Digital convergence apparatus according to claim 1, wherein the determining whether included in the signal type that is. 3. The correction data memory stores signal type data.
The synchronization signal frequency, aspect ratio, number of scanning lines and notes
Stores the re storage head address, considering the signal variation of the time signal input, the synchronization signal frequency, provides certain identification range to the aspect ratio, the signal type of the synchronization signals stored in said correction data memory within that range checks whether the frequency and aspect ratio is on, the digital convergence apparatus according to claim 1, wherein the allocating the correction data memory than the correction data long as within the range.
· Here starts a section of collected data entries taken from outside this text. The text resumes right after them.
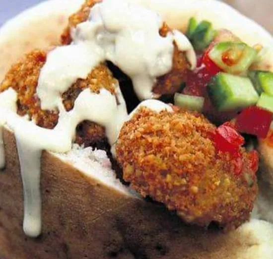 Crisp Falafel, Traditionally Served In A Pita Bread With Hummus, Israeli Salad, Sauerkraut And Toped With Tehina Sauce
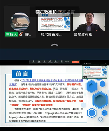 额尔敦布和教授分析研判了2022年全国硕士研究生招生总体情况,简要介绍了疫情期间的面试流程、形式以及今年招生进度,并就考生如何做好各环节复试准备进行了全面指导。他指出,考生要做到环节通透,不打无准备之仗,预先熟悉复试全流程和复试科目内容;要了解线上复试注意事项,准确研判招生院校相关措施,保证复试过程顺畅进行;要放平心态,认真备考,诚信考试。
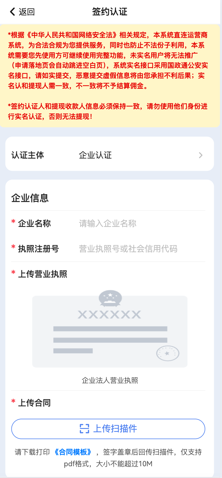 企业合同模板 | 企业合同暂不支持电子签约模式:代理商需下载平台上传的合同模板,打印纸质版签署后上传扫描件;后续平台审核无误,将打印签署并回传双方已签署的合同扫描件。认证通过后,双方均可在 “签约认证” 模块下载合同文件 |
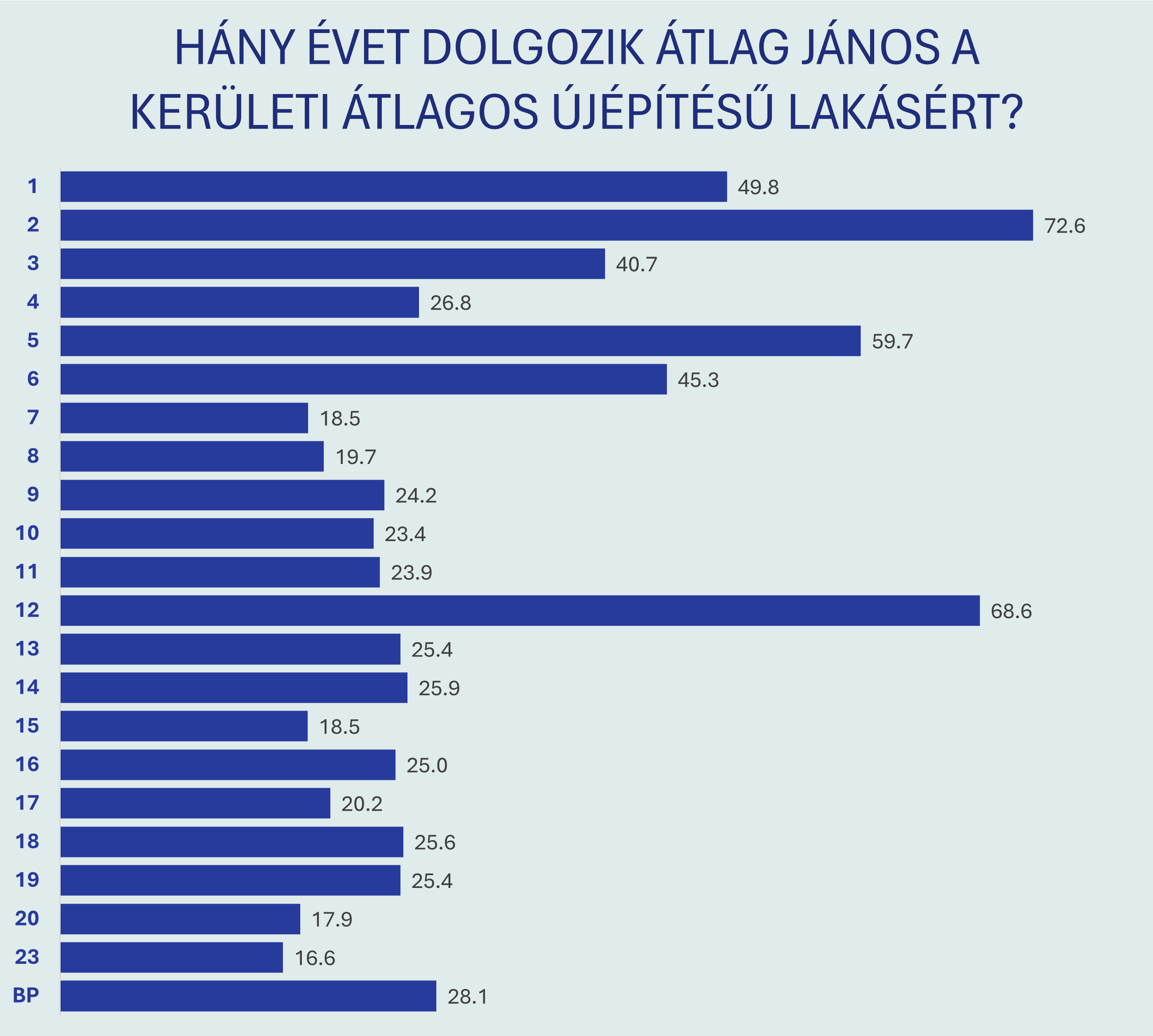 A kerületek között óriási a szórás. A presztízs-kerületekben Jánosnak 50-70 évig kéne félretennie minden fillér nettó bérét, mire meg tud venni egy átlagos új lakást, míg a kevésbé felkapott lokációk esetében erre elég 20-25 év is. Átlag János a leghamarabb a VII. és a XV. kerületben talál új otthonra.
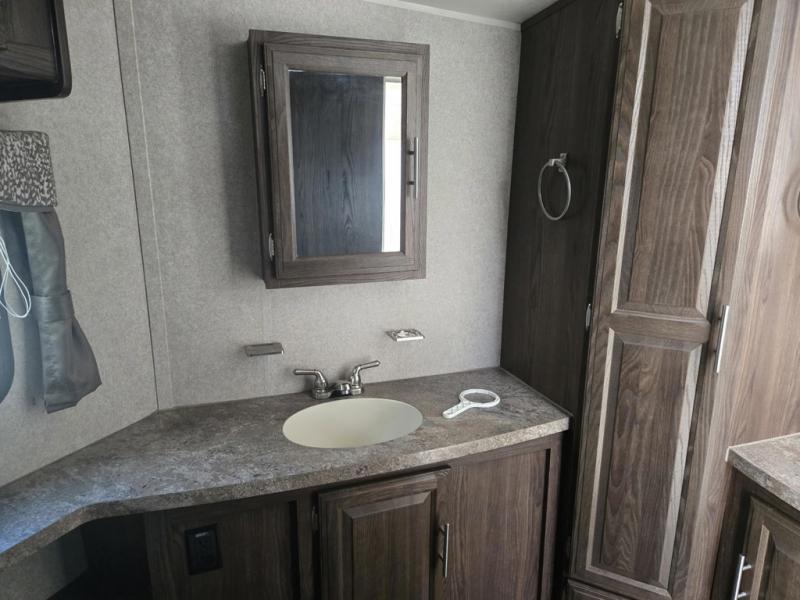 Outside you can choose to add an optional rear ladder, and if you enjoy grilling then you will love the gas grill! The awning helps to provide protection from the elements. There are many features and options to make this trailer your personal home away from home.
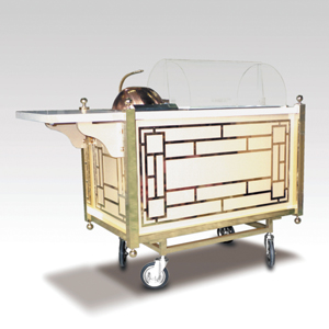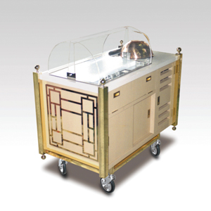 ・サイズ:W1250×D520×H1000mm (W950×D520×H800mm) ・キャスターサイズ:125φ 自在キャスター4輪 ゴールドメッキ ・本体:サクラ材塗装 ・天板:銅板張り ・柱/3面:真鍮飾り ・アクリルフード ・ステンレスボックス付 ・販売価格:\1,222,000 (消費税は別途)
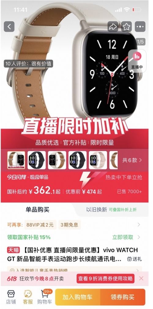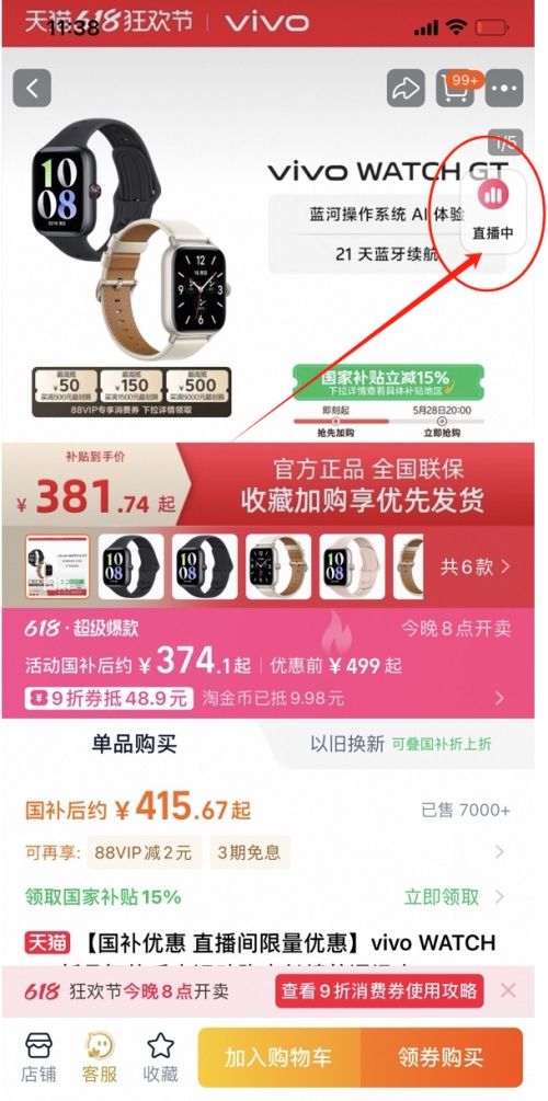 vivo WATCH GT 新品智能手表 软胶 蓝牙版 362.1元包邮
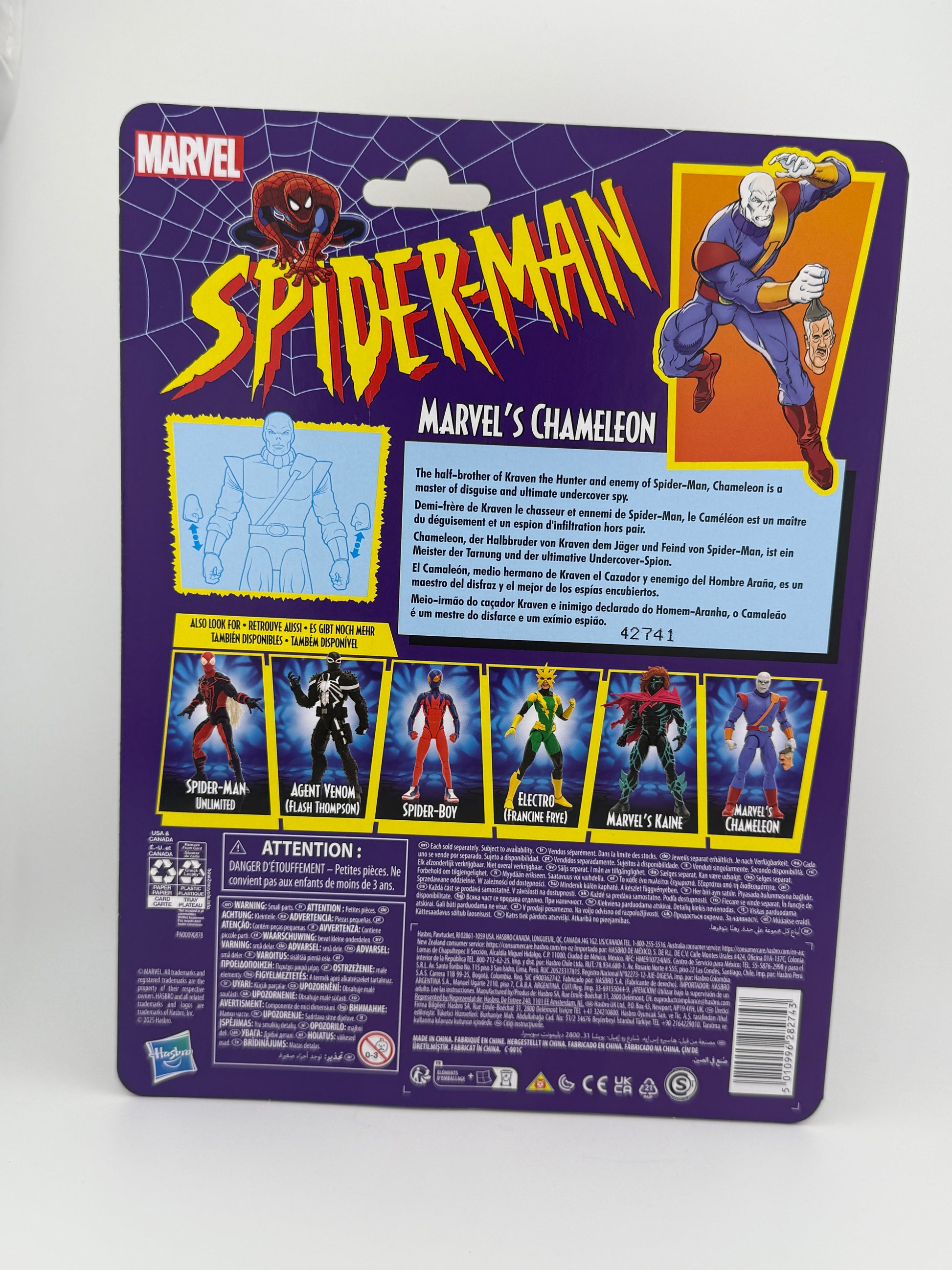 The half-brother of Kraven the Hunter and enemy of Spider-Man, Chameleon is a master of disguise and ultimate undercover spy. Bring the excitement and wonder of the Marvel Universe to your collection with Hasbro Marvel Legends Marvel's Chameleon figure! This collectible 6-inch scale Marvel figure is detailed to look like the character from Marvel's Spider-Man comics. This Marvel's Chameleon action figure is fully articulated with premium design and poseable head, arms, and legs. Marvel action figure set comes with 5 accessories, including alternate set of hands, weapons accessories, and a mask accessory. Hasbro Marvel action figures' 6-inch scale make them great for posing and displaying in fans' collections. Reimagine comics-inspired scenes on your shelf with Marvel Legends action figures and Marvel collectibles. Ages 4 and up.
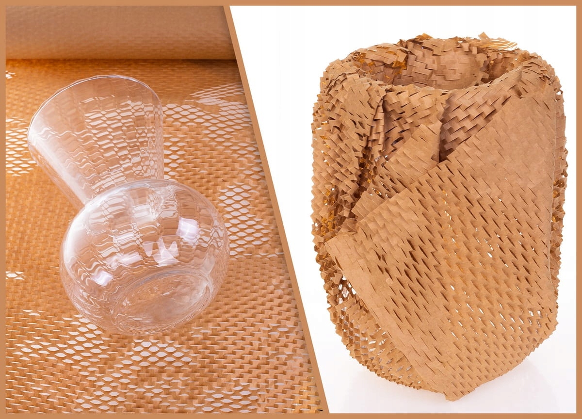 После растяжения создается 3D бумажная сетка с сотовой структурой, используемая для закрепления продукции, обеспечивающая ее защиту при транспортировке. Соседние слои объединяются, создавая эффект, похожий на стрейч-пленку. Благодаря беспыльной и беспыльной бумажной сетке можно легко обматывать, блокировать, застывать, набивать и переплетать. Это элегантная и экологическая защита для перевозки ваших товаров, особенно рекомендуемая людям и компаниям, которые заботятся об окружающей среде.
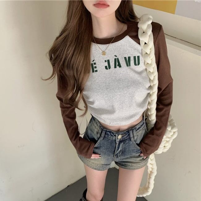 Tシャツ ショート丈 レディース 韓国 ファッション シャーリング ロゴ ラグラン バイカラー クロップド丈 春 トップス
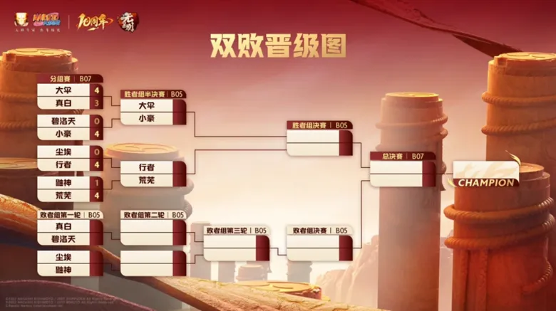 年总无差别瑞士轮分组赛中,大伞、小豪、行者、荒芜成功进入胜者组;真白、碧洛天、尘埃、鼬神则落入败者组。
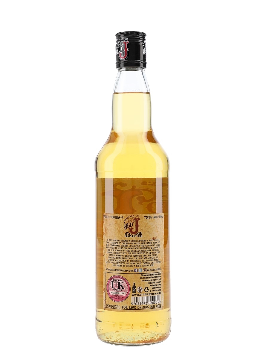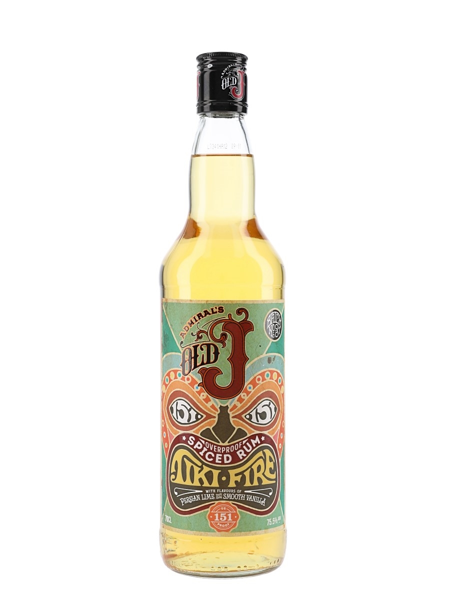 A bottle of Admiral's Old J Tiki-Fire Overproof Spiced Rum. A blend of Caribbean rums flavoured with Persian lime and vanilla. This was bottled at 75.5% ABV.
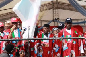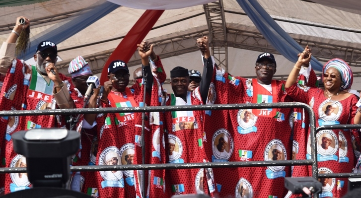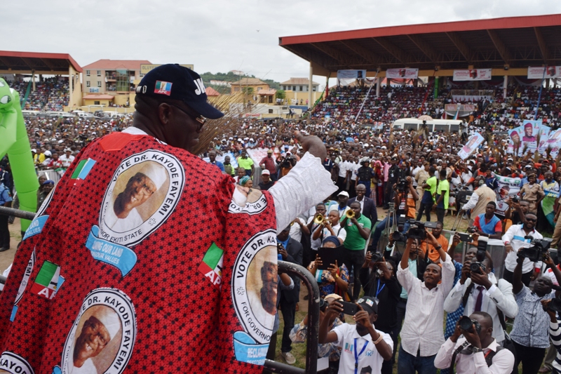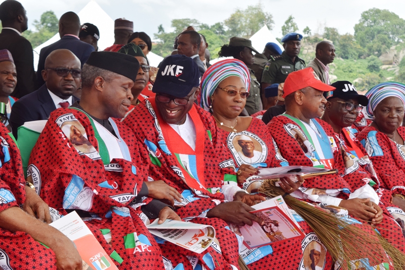 L-R: Ondo State Governor, Mr Rotimi Akeredolu (SAN); Deputy Governorship Candidate, All Progressives Congress (APC); Chief Bisi Egbeyemi; Vice President, Prof Yemi Osinbajo; APC Governorship candidate, Dr Kayode Fayemi; his wife, Erelu Bisi Fayemi at the rallyL-R: National Chairman, All Progressives Congress (APC), Chief John Odigie–Oyegiun, Osinbajo and FayemiL-R: Vice President, Prof. Yemi Osinbajo; Governorship Candidate, All Progressives Congress (APC), Ekiti State, Dr. Kayode Fayemi; his wife, Erelu Bisi Fayemi; Chairman, APC Campaign Council for Ekiti election /Kebbi State Governor, Atiku Bagudu; Deputy Governorship Candidate, Otunba Bisi Egbeyemi and his wife, Chief Mrs. EgbeyemiFayemi appreciating party supporters
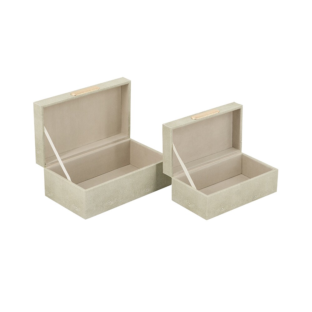 Vintage Decorative Grey Storage Box -Set of 2 with Gold Detailing | Elegant Home Decor, Shelf, or Office – Classic, Timeless Design
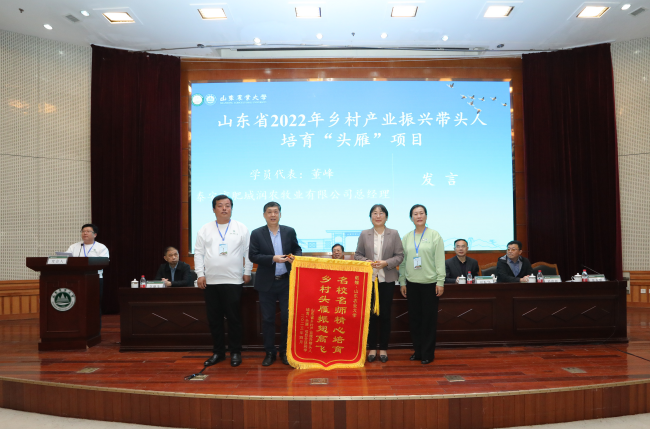 4月11日,山东省2022年乡村产业振兴带头人培育“头雁”项目集中学习阶段结业仪式在岱宗校区文理大楼学术报告厅举行。山东省农业农村厅二级巡视员王成民,beat365英国官方网站副校长林海出席活动并讲话。
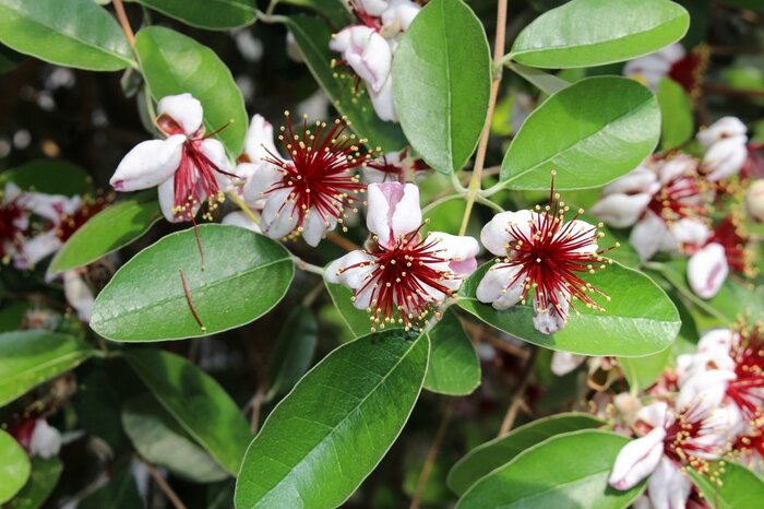 春から初夏にかけて咲く南国風の花と、濃いグリーンの葉がオシャレなフェイジョア。常緑果樹ですが、寒冷地では一時的に葉が落ちることもあります。
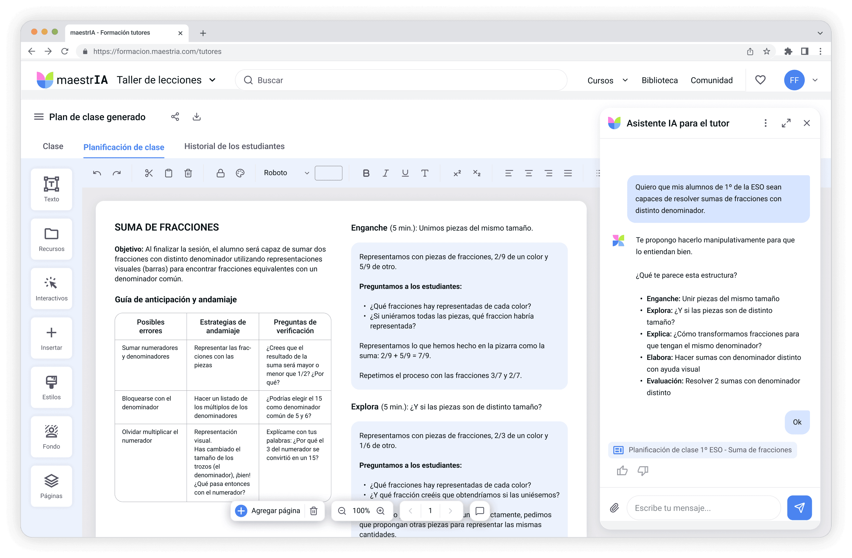 La IA sugiere actividades adaptadas al nivel de cada estudiante, prepara materiales personalizados y ofrece feedback sobre cómo mejorar las sesiones.
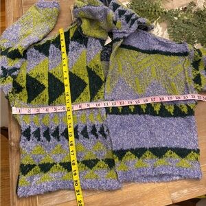 Bundle up in this so cozy cardi, featured in an oversized slouchy silhouette with exaggerated collar detail and statement geometric print throughout for added dimension.

In the case where 4. A co Nbajen scan tone obtained from interpolation calculation from the correction data of adjustment points correction data convergence adjustment of each scan line between Seiten, for each scan line between adjustment points for the interpolation operation the number of scanning lines which is obtained from the input sync signal frequency interpolation coefficients using vertical adjustment points, the digital convergence apparatus according to claim 1, wherein the determination by calculating interpolation coefficients corresponding to the input signal. 5. The optimum adjustment point position information against the input signal (pattern data), the synchronization signal frequency of the input signal and
Digital convergence apparatus according to claim 1, wherein the determination by calculation based on the aspect ratio. 6. The digital claim 1, wherein the storing setting compensation data in the memory and the signal type stored with another signal type to clear the compensation correction data into the correction data memory Convergence device.